I wondered sometimes how my mother could have cast such a spell over the man that it still endured, whereas I found it difficult even to speak to him. I could tell even as his gaze ran upon my form that his attention was all for her, and I began to wish my portrait would soon be finished. I had noticed that sometimes when a lock of my hair fell, or when the light came at an angle and made my eyes look a particular shade, M. would suddenly stop and stare; and I felt inexplicably angry then, and jealous of that portrait that still had him in its thrall. I am not quite sure why I started dressing like my mother; for when I found her white dress in a trunk in our attic, I was so shy at first that I concealed it under my riding coat. But seeing it he said nothing; so I took off the coat, and lay on the rack, and no props or disguises were ever offered after that.

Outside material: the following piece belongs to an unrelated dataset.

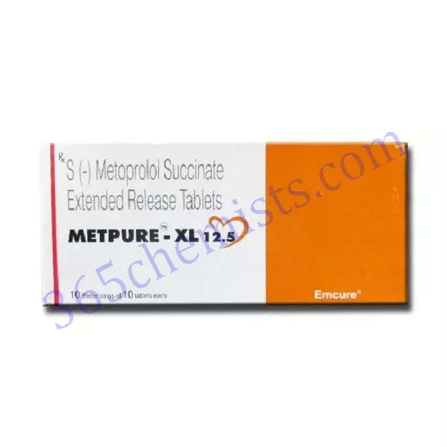 S-Metoprolol Succinate is the active component in the medicine known as Metpure XL 12.5mg tablet. This medication comes in tablet form. It is primarily employed in the treatment of hypertension (also known as high blood pressure) as well as a variety of cardiovascular conditions, and it is a member of the group of medications known as beta-blockers. The medication will remain effective for a longer period of time thanks to the tablet’s ability to deliver it in a manner that is known as sustained release.

Now, when he stared a bit too long, I felt a certain pleasure; and soon I combed my hair like her, and flushed my cheeks as she had done. Every day I relinquished a little more of myself, and in turn every day he would be more troubled, and in his trouble let me glimpse what my mother had seen. As we became closer on these afternoons, Pemsi sent on some opiate errand, I felt my power over him growing; and when I finally asked if he would come to her grave on Valentine’s Day, he was unable to refuse. The day of lovers came, and I waited by the tomb at the end of the garden, wearing the white dress, and my white hair parted; but M. never came.


When I let myself into his study, I found M. in a near stupor, a bottle of absinthe by his side, staring at my canvas. Perhaps it was not wise then to share with him Pemsi’s latest purchase; for the rest of the night remains a blur. All I know is that when I opened my eyes the next morning, M. was lying on the rack, one hand tied to the straps, and the other cradling a paintbrush of the deepest red. My shoulder was throbbing from a fresh cut along the collarbone. A badger was trying to nudge Pemsi awake, my boyservant being shackled unconscious to a whipping post, covered with a bear rug from the waist down. On his chest the drips of a candle had seared the flesh, and on his lap rested an ancient book bound in strange leather. I lifted it with all the care due to a relic; and could not quite believe that I was touching the hallowed pages, nor the words that I were written below the Marquis’s signature. M. had dedicated ‘The Misfortunes of Virtue’ to my mother on the day of my birth. I am not sure whether it was to wave goodbye that M. stretched out his hand, or to give me a warning; but his eyes closed again, and he fell back with a moan.



M. has not yet recovered. I have Pemsi bring him soup, sometimes, but the entry to the study is made more difficult every day by the increasing number of absinthe bottles strewn about on the floor. I am told M. often sits for hours staring at the twin portraits, his fingers caressing something that is no longer there.